Ottawa Historic Sites & Interpretive Centres
Much more than gravesites, the Beechwood Cemetery offers visitors a stunning garden of mature trees and a profusion of flowers. Horticultural talks are offered on a regular basis. Within these gardens is a cherished history that dates back to 1873. 160 acres are dedicated to Canada's war heroes, and is the site where many of the brave souls who served in the Second World War, Northwest Revellion and recent United Nations campaigns now rest. Visitors may also find many impressive historical buildings, such as the Mausoleum. Beechwood was designated as a National Historic Site in 2001.

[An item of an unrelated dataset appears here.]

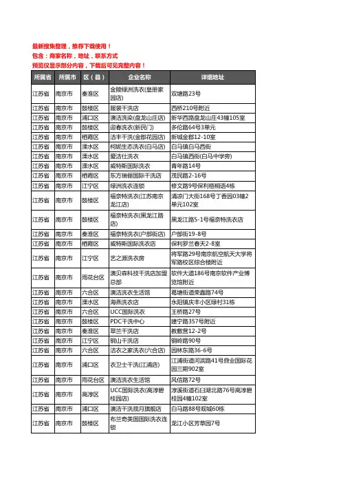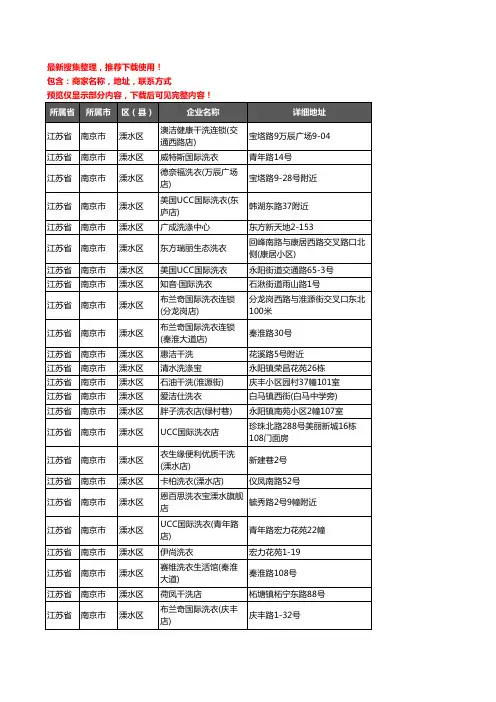 新版江苏省南京市江宁区洗衣店企业公司商家户名录单联系方式地址大全197家

Home to the National Archives and the National Library, the building was established in 1953 by an Act of Parliament to preserve Canada's literature. The Archives holds more than 60 million manuscripts and government records. Open daily for vistors and researchers.
Ottawa's first English-speaking Roman Catholic Church, St Patrick's has long been a part of the city's history. Found in 1855 and determined a basilica in 1995, the church holds regular mass and services. The church was first designed by the same architect who designed the east and west blocks of the Parliament Buildings. While the outside, with a large protruding spire and many arched doors, is impressive, the inside is a stunning gothic style and constructed entirely of local stone. Shamrocks are subtley built into the design in unusual places. Solid oak pews, stained glass, stencilled dome ceiling and more make this church a traditional beauty.
St. Andrew's Presbyterian Church
Located across from the Supreme Court in Ottawa. St. Andrew's is one of Ottawa's oldest churches, dating back to 1828. Open year round, Monday to Friday from 9am to 1pm. Services are held on Sunday at 9:30am and 11am.
Originally built in 1905 by a lumber baron, 5 Blackburn is a heritage home that was subsequently used as an Italian Embassy as well as the headquarters of the Victorian Order of Nurses. Located in Ottawa's Sandy Hill neighbourhood, 5 Blackburn is currently the headquarters of the Heritage Canada Foundation.
St. Margaretís Anglican Church
This modest, stone church was officially named in 1887 when the cornerstone was laid by Lady MacDonald, the wife of Sir John A. MacDonald, Canada's first Prime Minister.
Laurier House National Historic Site of Canada
Once the home of Sir Wilfrid Laurier and William Lyon Mackenzie King (two former Canadian Prime Ministers), the house represents part of Canada's rich national history. Open April to mid-May from Monday to Friday, 9am to 5pm, mid-May to Thanksgiving from Monday to Saturday, 9am to 5pm and Sunday 1pm to 5pm and October to March for group tours (ten or more) by appointment.
Billings Estate Museum
Built in 1827, this Georgian estate was once home to one of the region's founding families: Braddish and Lamira Billings. Included on over eight acres are the grand house, an ice house, dairy room, a cemetary, lush landscaped grounds, pathways a picnic area and more. Open May - October, Tuesday to Sunday.
Canada & the World Pavilion
Learn about Canada's place in the world through a variety of interactive displays, informative exhibits and special activities. Visitors will learn about the hundreds of Canadians who have made important contributions to the world, from Dr. Lucille Teasdale to Celine Dion. Help to build the international space station, become a business mogul, take part in the olympics and much more! The Pavilion is closed in the winter aside from the year-round school program.
Notre-Dame de Lourdes Grotto
Based on the original Notre-Dame de Lourdes in France, this grotto is complete with a statue of Mary. Stones comprise an arched shelter that houses the alter, also made of stones. Wooden park benches operate as pews and the entire area is encapsulated in shrubs and trees. Story has it that the church and grotto were built in 1887 when a local dignitary, Michel Cyr, donated land in exchange for a free seat in church.